With WAMU dropping its folk-bluegrass lineup a few years ago, and WETA's change today, there is now no outlet for folk music on the radio at all.

WETA's Mary Cliff, who had a long-running (over 32 years) show on Saturdays called "Traditions" has been let go, like every other WETA on-air employee, as part of the sudden shift to Classical.

[identity profile] wilhelmina-d.livejournal.com 2007-01-23 01:40 am (UTC)(link)
That's so awful. I loved that show. I also hate the move. Why do they mess with this stuff?

[identity profile] meapet.livejournal.com 2007-01-23 01:48 am (UTC)(link)
I'll quote my friend Vince "Another reason to hate Dan Snyder"

[identity profile] acroyear70.livejournal.com 2007-01-23 01:59 am (UTC)(link)
Yeah. Thanks to Snyder's insistence (and then backing down), 104.1 was effectively overpriced.

But really, now that everybody is owned by a public company on Wall Street, everybody is subject to Wall Street Expectations. Its not enough to be hugely profitable (which classical music easily can be, since their are far fewer royalty rates to pay over contemporary music - most of the music is "trad"). Not even $19 million profit a year (some pop stations will kill for that rate, though I've not seen that number verified).

One must have ever-increasing profits. Classical music is doomed to never fit that. Costs of people, costs of license, reduction of listeners, reduction of listener value (advertisers don't advertise well to "old" people) - it all means that classical music is a forever-losing format. WGMS only got to where it did by being the only one in the area (with WETA dropping its classical lineup 2 years ago - being unable to compete).
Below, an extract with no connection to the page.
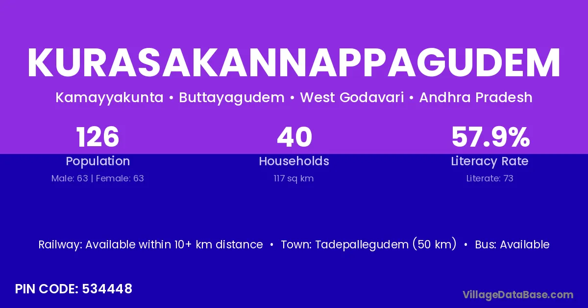 Kurasakannappagudem village has a total population of 126 people, of which 63 are males and 63 are females.

In short, it got as profitable as it was ever going to, and Bonneville's attitude is to drop it before it drops itself.

Like any public company.

[identity profile] thelongshot.livejournal.com 2007-01-23 06:06 am (UTC)(link)
Which is why blaming Dan Snyder for this one is pretty much blaming the symptom, and not the actual disease.

Fact is, Snyder wouldn't have been interested in it if it wasn't up for sale in the first place, not to mention that the station already got moved off of one frequency.